The Committee on Foreign Investment in the United States (CFIUS) this week fined German company T-Mobile a record $60 million for improper handling of data during its integration with Sprint after the two companies merged in 2020. According to CFIUS, “T-Mobile failed to take appropriate measures to prevent unauthorized access to certain sensitive data,” thus violating the national security agreement the company signed with the committee, which evaluates the national security impacts of foreign business transactions with U.S. companies. T-Mobile said in a statement that the technical issues affected “information shared from a small number of law enforcement information requests.” While the company claims to have responded “promptly and in a timely manner,” CFIUS alleges that T-Mobile “failed to promptly report some incidents of unauthorized access to CFIUS, delaying the committee’s efforts to investigate and mitigate potential harms.”
The 12-year saga of Kim Dotcom’s prosecution inched forward this week when New Zealand’s justice minister approved a U.S. extradition request for the controversial entrepreneur. Dotcom created the file-sharing service Megaupload, which U.S. authorities say was used for widespread copyright infringement. The U.S. seized Megaupload in 2012 and charged Dotcom with offenses related to organized crime, copyright infringement and money laundering. Dotcom denies any wrongdoing, but he lost an attempt to block his extradition in 2017 and has been fighting it ever since. Despite the justice minister’s decision, Dotcom vowed in a post on X to remain in the country where he has been a legal resident since 2010. “I love New Zealand,” he wrote. “I’m not leaving.”
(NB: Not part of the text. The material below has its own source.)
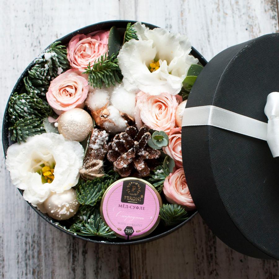 Состав мед-суфле, кустовая роза, эустома, шишки, эвкалипт, шарики, хлопок, открытка.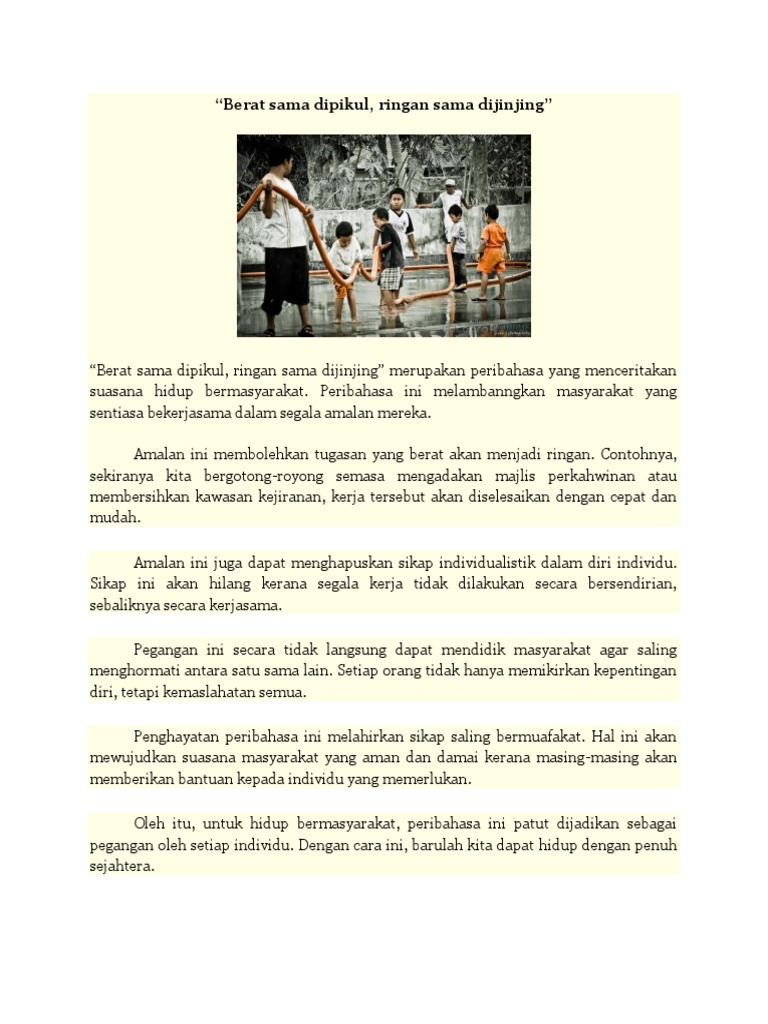 Peribahasa berat sama dipikul ringan sama dijinjing dalam bahasa inggris. Berat sama dipikul ringan sama dijinjing merupakan peribahasa yang menceritakan suasana hidup bermasyarakat. A trouble shared is a trouble halved. Semua penduduk kampong seri pinang bergotong royong membersihkan kawasan kampong mereka bak kata pepatah ringan sama dijinjing berat sama dipikul. Berat sama dipikul ringan sama dijinjing ogos 11 mei 3 mac 2.

The spread of deepfake pornography (explicit images in which people are digitally “striped” without their consent) may have finally hit a major legal hurdle. San Francisco Chief Deputy District Attorney Yvonne Mele (and by extension the city of San Francisco) has filed a lawsuit against 16 of the most popular “nudification” websites. These sites and apps, which allow the creation of explicit deepfake images of virtually anyone, are increasingly being used by boys to create material to sexually abuse underage female classmates. While several states have made it a crime to create and distribute AI-generated sexual abuse material of minors, Mele’s lawsuit effectively aims to shut down these sites for good.